In the case of discussion and explanation, i would take the loss situation. Its chicken feed in $ but it would also depend on other factors. l
Lets say farmer Joe/Jill has a carried forward loss of $1,000 from a previous year and has 2 other holdings (which could be the same share, just different entries)
holding one has a profit of $1,000 unrealised and held for 2 months.
Holding two has a $1,000 unrealised profit of $1,000 and held for 13 months.
Life scenario; Something urgent comes up and Mr farmer have no funds spare. The long lost son rings up and is held hostage as a service personnel attendant for their staff, and its at the playboy mansion; and Hugh is no where to be found (thought to be extinguished) and im concerned my son could follow the same fate in 50 years.
My son requests that I shear the sheep again as he needs $1,000 to pay his captors. not only did I fail to teach my son about farming, I try to explain that we cant shear the sheep everytime we need funds. He goes into melt down and feels he has no future and he feels used; and cant even spend time with his mates. I need to help him get $1,000, but first ask him to off load his daily grind to me, so its a weight off his shoulders.
Which holding do I sell?
1/ Holding 1 has taxable income of $1,000 if I sell and this is offset by the $1,000 loss I have bought forward from the past. Zero tax liability
2/ Holding 2 has a taxable income of $1,000 also, but as its held over 12 months, i reduce this amount by 50% and apply it to my current other income and pay tax as income on this reduced amount.

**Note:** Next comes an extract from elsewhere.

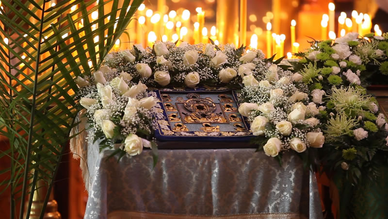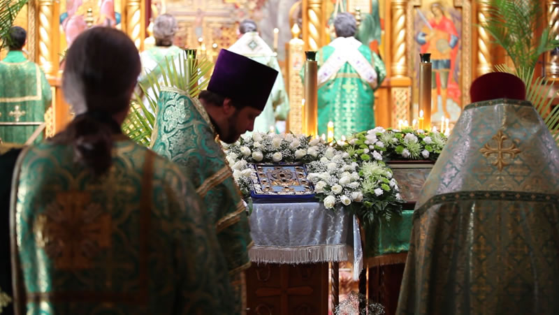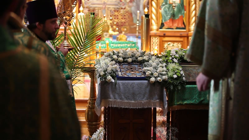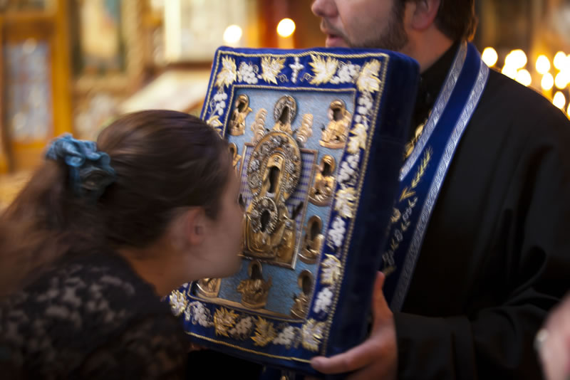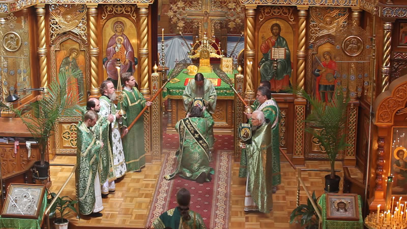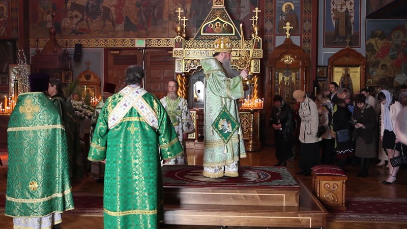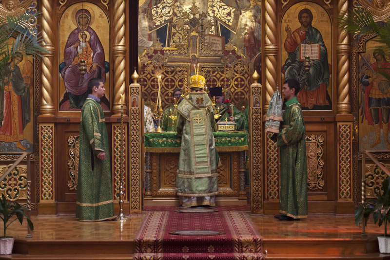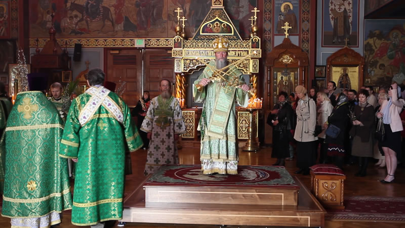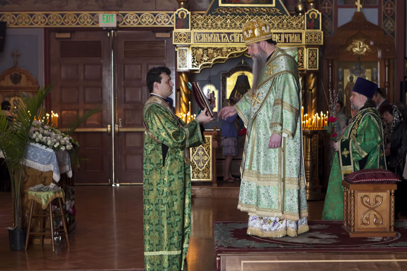 On Sunday, April 30, 2013, the feast day of the Entrance of the Lord into Jerusalem, His Eminence Archbishop Kyrill of San Francisco and Western America celebrated Divine Liturgy at the Cathedral of the Mother of God “Joy of All Who Sorrow” in San Francisco. The Kursk-Root Icon of the Mother of God “of the Sign” was present at the service.

Choice 2 above is effected now by the carried forward loss, so the 50% CGT reduction does not apply and the result works the same as choice one above.
My view is that you would sell the example 1 above first as its under 12 months and will be offset by carried forward loss, and you would still retain the CGT entitlement to example number 2 above for its later sale.
In effect you have saved tax on $500 at your MTR (marginal tax rate) by thinking your strategy through and discussing this with your tax advisor.
I trust the method of my scenario above was easier to understand in the manner i used as we all learn better by using common and likely situations that are regular and believable. I have used one assumption, and that is that our sons can get way laid and mislead in their younger years. This could be untrue? I dont know, mine is just 13.
I will not use this example to teach him about CGT strategies as we have no sheep.
Always seek advise and this is all IMO and I may have been under the influence of a dream to be that prodigal son.